Experts offer tips for improving breast density notifications
As the U.S. Food and Drug Administration prepares to roll out their breast density notification rule in early 2023, experts are cautioning that careful consideration is needed in the new rule’s language.
In commentary published in JAMA, Nancy R. Kressin, PhD, of Boston University Chobanian and Avedisian School of Medicine and colleagues shared examples from their own research that portray women’s general understanding of breast density notification letters [1]. The authors explained that these notifications can sometimes leave many patients feeling even more bewildered about their mammogram results than they were before being made aware of their dense tissue.
Prior studies that Kressin was involved in suggest that some women consider breast density notification letters impersonal and confusing.

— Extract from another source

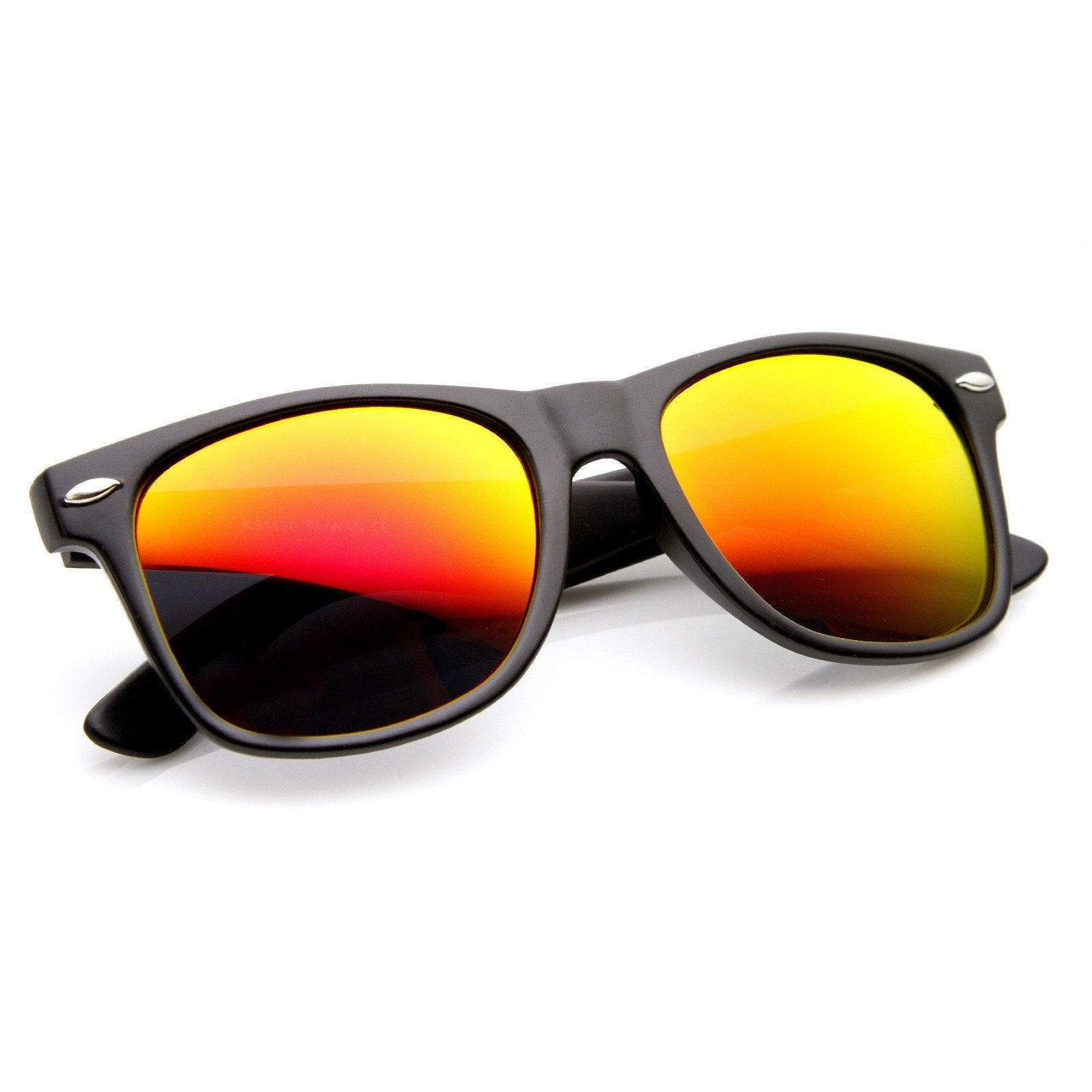 - Large classic horned rim design that features eye catching color mirror lenses and a smooth matte frame. Made with an acetate based frame, metal hinges and flash UV protected polycarbonate lenses.
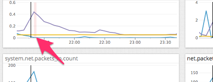 このようにピンクの線が付きます。必ずデプロイを行うときにEvents画面に手動や自動でデプロイと発言しておくことでピンクの線が出て便利です。どこからシステムが変わりだしたか(良くなったか・悪くなったか)がわかります。

This was especially true for women of certain demographics and those with lower health literacy, which brings up another point of contention—some states’ notification letters surpass the general literacy level of women and also exceed an 8th grade reading level, which is recommended for medical communications by the FDA.
Although well-intentioned, these letters do not always convey the message they’re intended to—that is, that having increased breast density can raise a woman’s risk of developing cancer or having their cancer go undetected, and that women should have a proper conversation with their doctor about these risks and the potential need for supplemental screening.
While Kressin acknowledged that enacting federal breast density legislation is a positive move, it is also significant undertaking. With that in mind, she shared some recommendations that could perhaps make the process of relaying such an important message to women a bit more effective. The recommendations are listed below.
The FDA should carefully review the more than 50 published studies about women’s experiences with breast density notifications, paying close attention to the range of their responses to the letters.
The notification language should be carefully crafted with appropriate reading levels in mind.
The language should be tested for readability by patients with diverse backgrounds, including those who do not speak English as a first language.
Resources should be made available to ensure that women’s understanding of density notifications will appropriately lead to greater knowledge of breast density or to informative conversations with their healthcare providers.
Kressin noted that the new rule will likely require extensive testing and investment but stated that producing helpful information on the topic of breast density, rather than materials that would leave patients more confused, would be “significant for all women.”
“Only with such efforts will the implementation maximize equitable outcomes for women from all races and ethnicities, cultures, literacy levels, educational levels, and socioeconomic backgrounds.”